For Better or For Worse

    
 Written on February 16, 2008

     "When I found him whom my soul loves, I held on to him and would not let him go." Songs of Solomon 3:4.  That is how I felt when Alvin came into my life ... that is still exactly what I feel now. 

    February 16, 4:30pm, at this exact time 6 years ago, in 2002, I married my God's best.  Our marriage is not perfect but our 6 years together have been wonderful,wonderful years.
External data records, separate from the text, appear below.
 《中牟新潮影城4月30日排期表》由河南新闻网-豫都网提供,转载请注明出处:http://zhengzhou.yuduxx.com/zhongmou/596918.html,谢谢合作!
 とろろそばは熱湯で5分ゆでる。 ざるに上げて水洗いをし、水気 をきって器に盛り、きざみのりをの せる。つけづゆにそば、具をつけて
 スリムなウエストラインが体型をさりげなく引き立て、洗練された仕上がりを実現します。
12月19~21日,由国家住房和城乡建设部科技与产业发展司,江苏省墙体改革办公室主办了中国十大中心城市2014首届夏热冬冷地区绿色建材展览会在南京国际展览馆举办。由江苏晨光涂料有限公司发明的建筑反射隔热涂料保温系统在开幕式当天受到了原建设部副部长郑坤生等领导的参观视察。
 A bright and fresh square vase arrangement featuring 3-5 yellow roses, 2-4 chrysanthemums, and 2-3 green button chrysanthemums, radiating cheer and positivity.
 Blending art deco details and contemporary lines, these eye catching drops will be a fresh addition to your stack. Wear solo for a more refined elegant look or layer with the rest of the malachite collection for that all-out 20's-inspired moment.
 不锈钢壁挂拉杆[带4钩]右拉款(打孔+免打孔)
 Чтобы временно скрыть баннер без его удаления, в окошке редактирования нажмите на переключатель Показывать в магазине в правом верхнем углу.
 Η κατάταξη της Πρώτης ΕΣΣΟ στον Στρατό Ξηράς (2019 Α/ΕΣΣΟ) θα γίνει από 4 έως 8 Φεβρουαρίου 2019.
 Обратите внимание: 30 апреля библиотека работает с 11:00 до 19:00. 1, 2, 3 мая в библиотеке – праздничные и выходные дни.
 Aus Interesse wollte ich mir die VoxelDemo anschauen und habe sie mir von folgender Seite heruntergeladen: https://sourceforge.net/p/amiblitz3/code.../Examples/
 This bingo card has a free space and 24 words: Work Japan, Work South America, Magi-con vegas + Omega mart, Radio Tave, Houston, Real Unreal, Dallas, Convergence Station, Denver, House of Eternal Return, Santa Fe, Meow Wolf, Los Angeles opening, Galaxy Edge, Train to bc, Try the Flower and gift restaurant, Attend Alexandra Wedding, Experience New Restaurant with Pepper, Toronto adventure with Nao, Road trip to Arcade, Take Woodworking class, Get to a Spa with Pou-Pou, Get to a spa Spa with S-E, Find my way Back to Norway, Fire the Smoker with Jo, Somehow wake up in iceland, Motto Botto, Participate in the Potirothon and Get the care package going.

    Alvin and I both started working in Bayantel in 1996.  I know his friends, He knows my friends but our paths never crossed until February 3, 1998. I praise God for if we have met earlier then things may have been different.  At the time we met, we were both fully recovered from our 'heartbreaks'.... We were both healed. It was God's best time. And in just a few months of friendship, I felt I have known him all my life. 
   
    When I met Abinntot, as I fondly call him, I already felt he would play an important role in my life though I never thought at first that we would be more than friends. I enjoyed his company so much.  I never met a man who made me laugh a lot. We can spend hours talking on the phone and not run out of things to say. (Up to now, we can talk for hours and hours until we doze off to sleep.)  He was so humble, down-to-earth and principled but above all the qualities that stood out, It was his love for the Lord that drew me to him. I knew then, that this is the man I want to marry. 

    Alvin was already a Christian then but he was not yet active in the ministry and he did not attend church regularly.  I was a Catholic and I never had a 'personal' relationship with the Lord.  The more I knew Alvin, the more I realized that what I lacked in my life cannot be filled by anyone or anything but by the Lord alone... not because I can see Alvin's weaknesses but because I can see the strength the Lord brings him and I can see that he walked his talk.

    Sharing God to me was the best gift Alvin has given me because it was a gift not for my physical being but for my soul.  We started to regularly attend church.  We were baptized together.  We joined the ministry together. We made friends together.  We grew in our walk together. We matured together. We work better together... I can say we bring out the best from each other. 

    Every year, as we celebrate this special day, we always looked back to the past with fondness.  Life was not always smooth sailing for us.  We had our share of ups and downs.  We had fights and disagreements about a lot of things from ingredients of recipes (well, alvin always wanted potatoes to be included in most viands / dish including tinola ?!) to politics but we love each other and we are both committed to our relationship.

    So did anything change when we were married?  I would say everything changed for the better.  Yes, we still argue and things sometimes seem frustrating but we are now more forgiving. We now know when to speak and when to be silent.  We are more patient, bearing each other's faults.  We are learning to apply the 3Ks that Alvin learned from Toastmasters -  Kiss, Kick, Kiss. We have learned our love and apology language. Having weathered times of conflicts, sickness and financial pressures,  we are now emotionally and spiritually stronger.

    I praise God for bringing us together.  For 6 years and for the rest of my life, I have the privilege to know a great man and I am comforted with the thought that I will be spending the rest of my days with him... my Abintot...  for better or for worse.

    2 Corinthians 9:15 "Thanks be to God for His indescribable gift!"